The trick, over the coming years, will be to provide ever greater amounts and quality of data to said machines. Recent years have seen domestic medical devices (glucometers, scales, heart rate and blood-pressure monitors) become connected in real time to the so-called Internet of Things (IoT). But, inevitably, wearable sensors will come in, taking vital data from the body and transmitting it wirelessly, such that it’s predicted that by 2020 IoT-enabled hospital labs will conduct an additional three-billion diagnostics each year as a result of data derived from such devices.
We’ve grown used to wearing activity trackers: a good thing in helping overcome a natural, ‘nanny-state' resistance to wearing gadgets that feed data to our doctors. It’s one reason why the advent of, for example, smart inhalers to tackle respiratory disease has been a success, as well as wearable pain-relief systems from Quell and sleep enhancers from Kokoon. They can be life-saving too. Dexcom, a California based company, has created a 24/7 glucose monitor which connects wirelessly to a smartphone or watch, allowing the user to read and share blood sugar levels with anyone, and sends an alert when patients are at risk.
Certainly, such private start-ups are set to prove crucial in their pursuit of a potentially massive market for, importantly, clinical-grade, data-streaming devices. And small wonder when the global wearables market is predicted to grow from US$23 billion today to US$175 billion by the end of the decade, much of that market being medical.

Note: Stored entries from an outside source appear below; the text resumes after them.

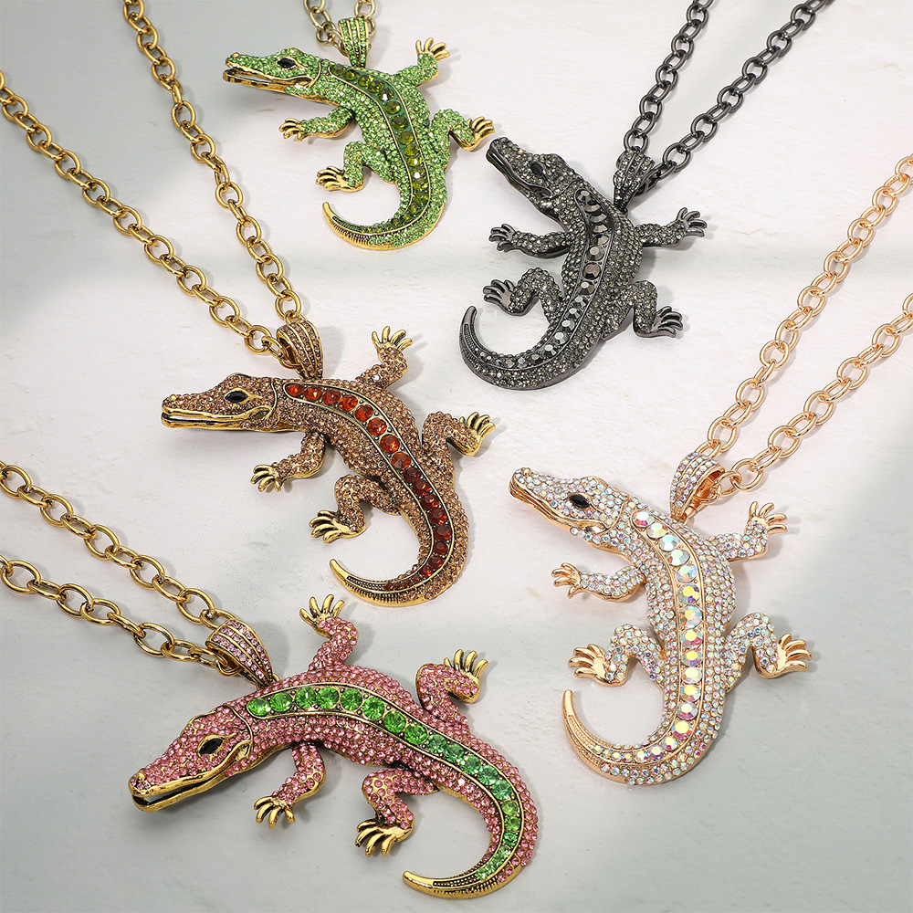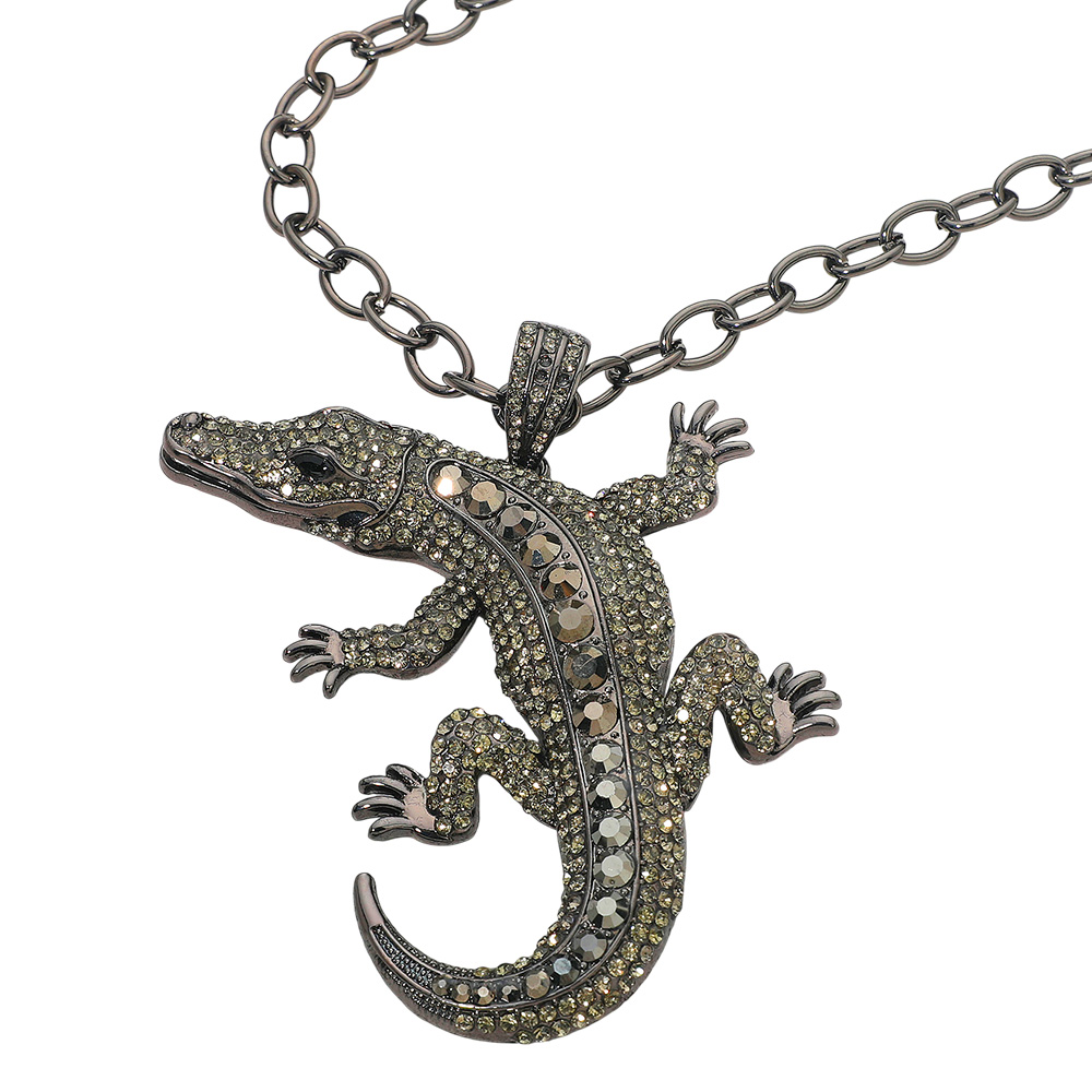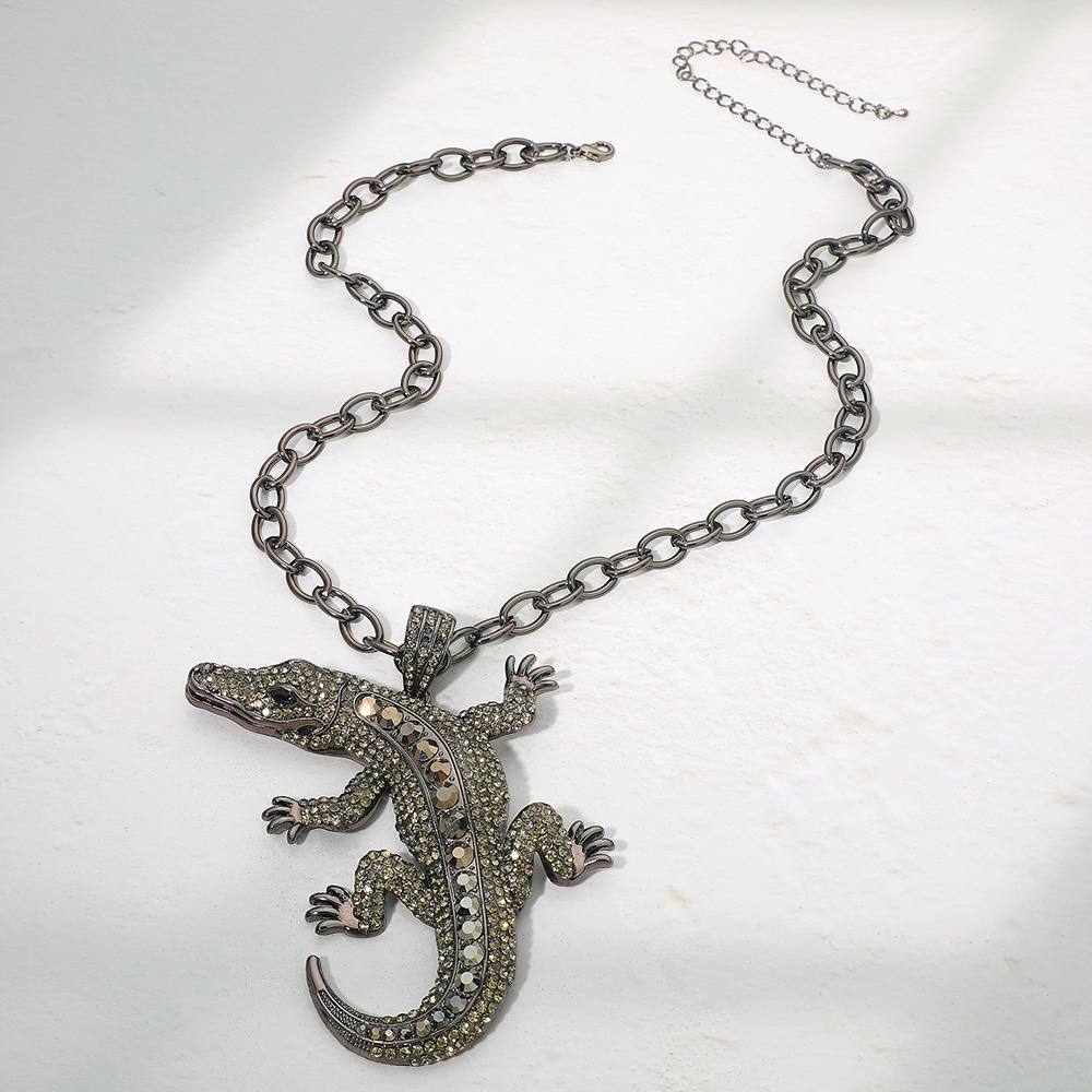 Details • Necklace Size : 22.5" + 5.5" L • Pendant Size : 3.25" X 4.25" • Bold alligator pendant necklace with shimmering accents on a chunky chain. This statement jewelry piece combines edgy charm with artistic flair, perfect for fashion-forward looks or themed events, adding a fierce and captivating touch to any stylish outfit. • Lead and Nickel Compliant
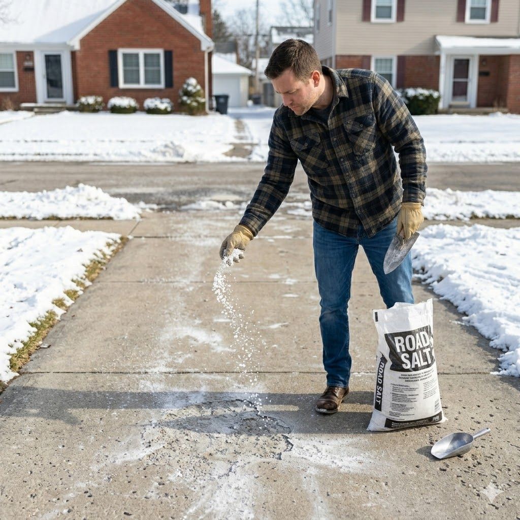 We’ve all been there. A big Michigan blizzard hits, you spend three hours shoveling, and then you reach for the big blue bag of rock salt. It feels like a victory when you hear that "crackle" and see the ice start to melt. But while you’re making your path safe to the car, that salt is starting a chemical and physical war with your Concrete Driveways.
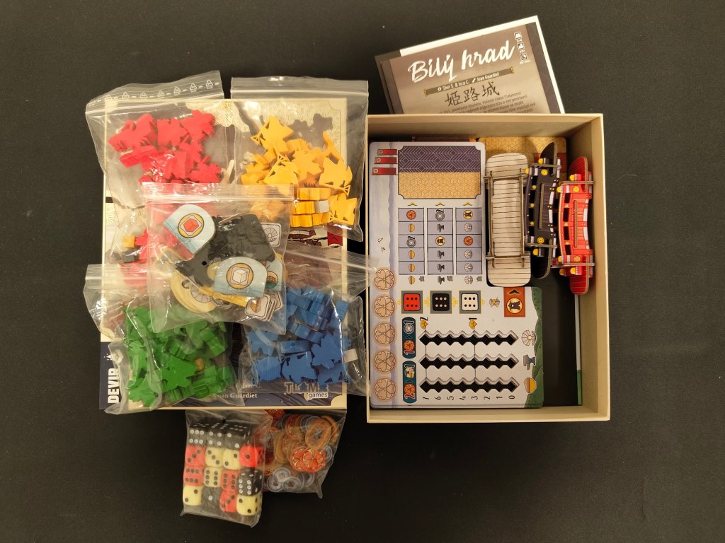 Ve hře Bílý hrad se stanete vůdcem jednoho z těchto drobných klanů a budete usilovat o co největší bodový zisk. Spravujte moudře své zdroje a posílejte své služebníky na správná místa ve správný čas. Jen tak získáte na dvoře větší vliv než ostatní.
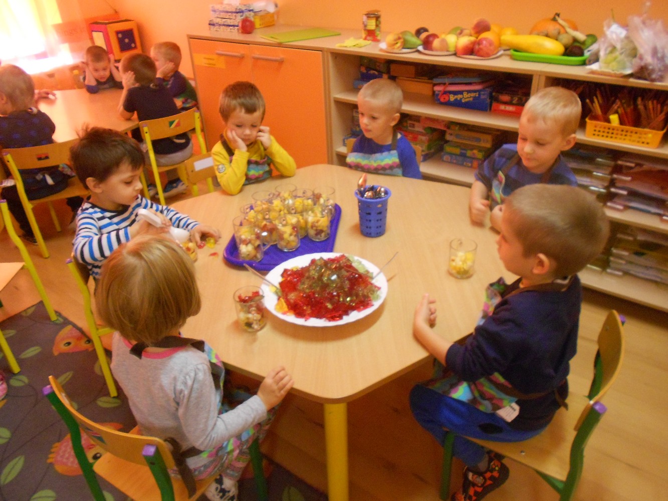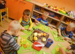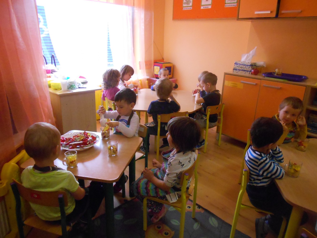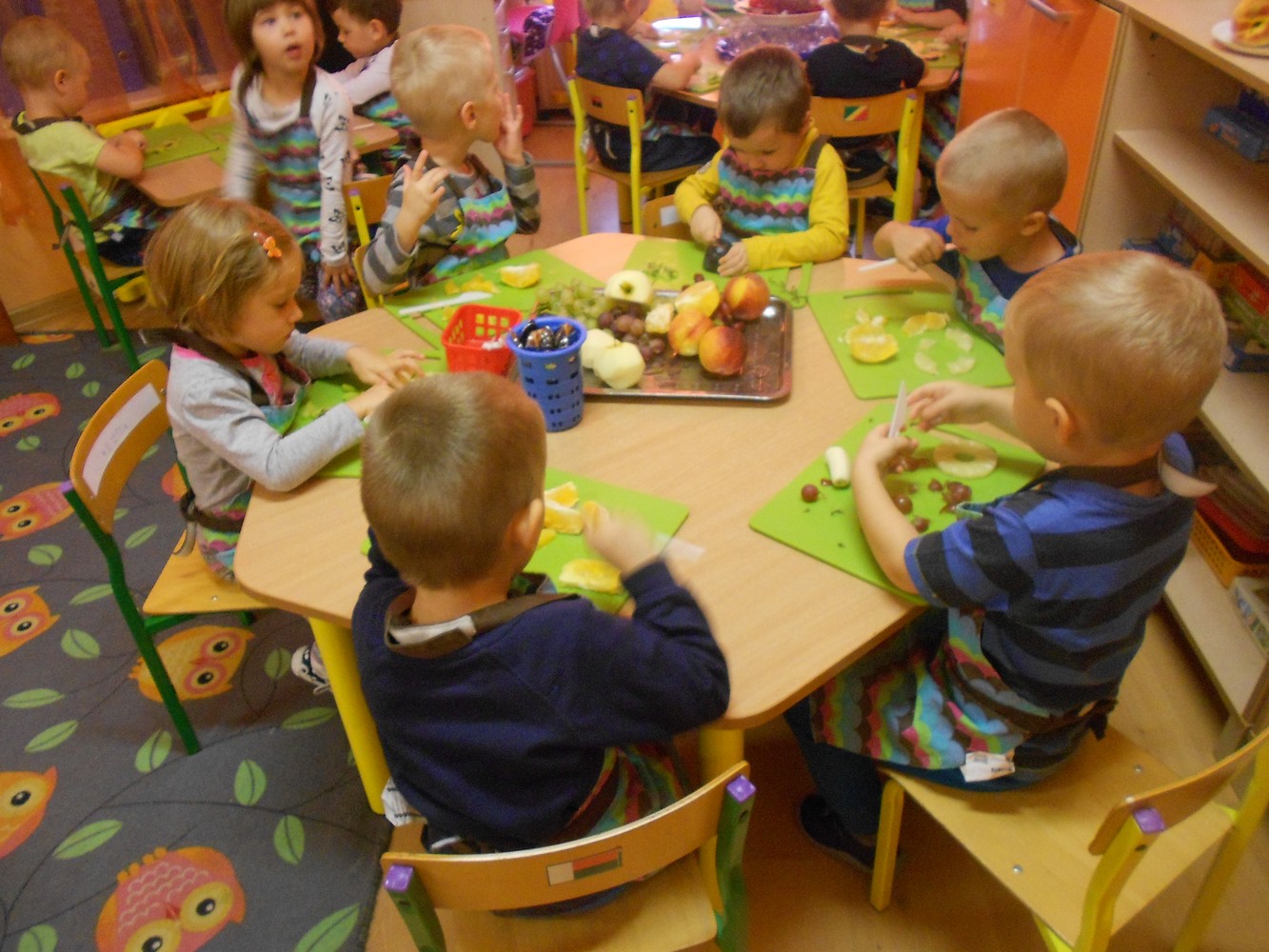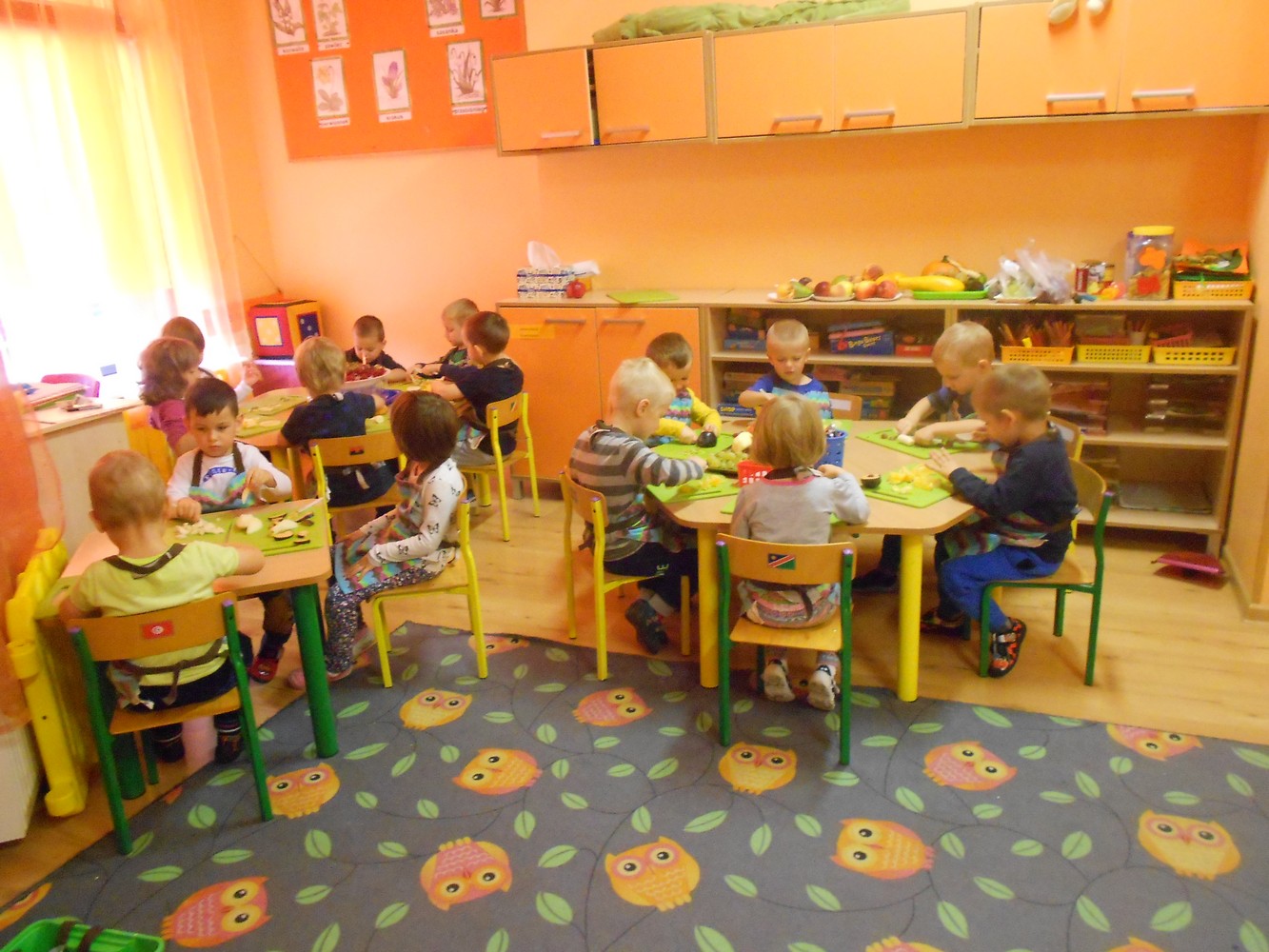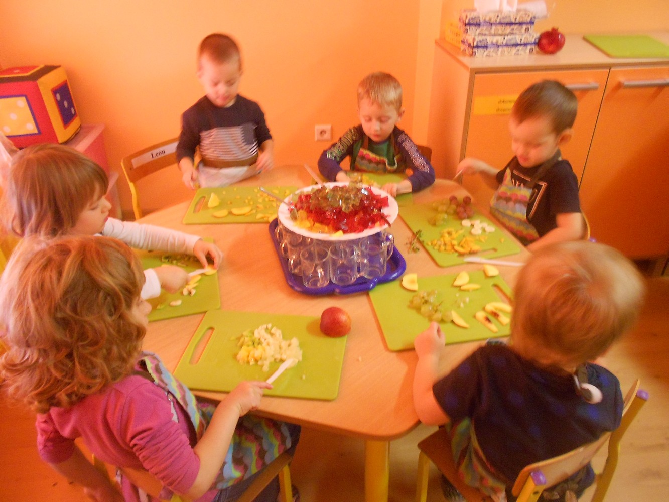 Kształ­tu­jąc wła­ściwe nawyki żywie­niowe oraz znając war­to­ści odżyw­cze owoców dzieci w grupie III pod­czas zajęć kuli­nar­nych samo­dziel­nie przy­go­to­wały deser owo­cowy.

Such is the expected demand for services providing this data that even Fitbit, the company that drove the trend for fitness-oriented wearables has, since that market became swamped with cheaper me-too alternatives, as well as smartphone apps, turned its attention to working with healthcare providers.
In shifting from making lifestyle tools to medical ones, the company is working on a system that would be able to monitor medication adherence. It has recently acquired Twine Health, which has developed a platform for asynchronous communications between patient and doctor, using data from connected medical devices, and launched a partnership with Google Cloud.
Nudges such as cheaper health insurance, education in wearables’ benefits and reassurances regarding security will all help. But, ultimately, it’s the miniaturisation of wireless and powerless sensors that will encourage their take-up, while also allowing for a constant, 24/7 stream of our individual health data to health professionals without the need for our involvement. And ever more discrete health wearables are coming, slowly. Proteus Digital Health, for example, has developed a digestible sensor that relays information to a connected skin patch, something not long ago worthy of a Black Mirror episode but increasingly, a reality.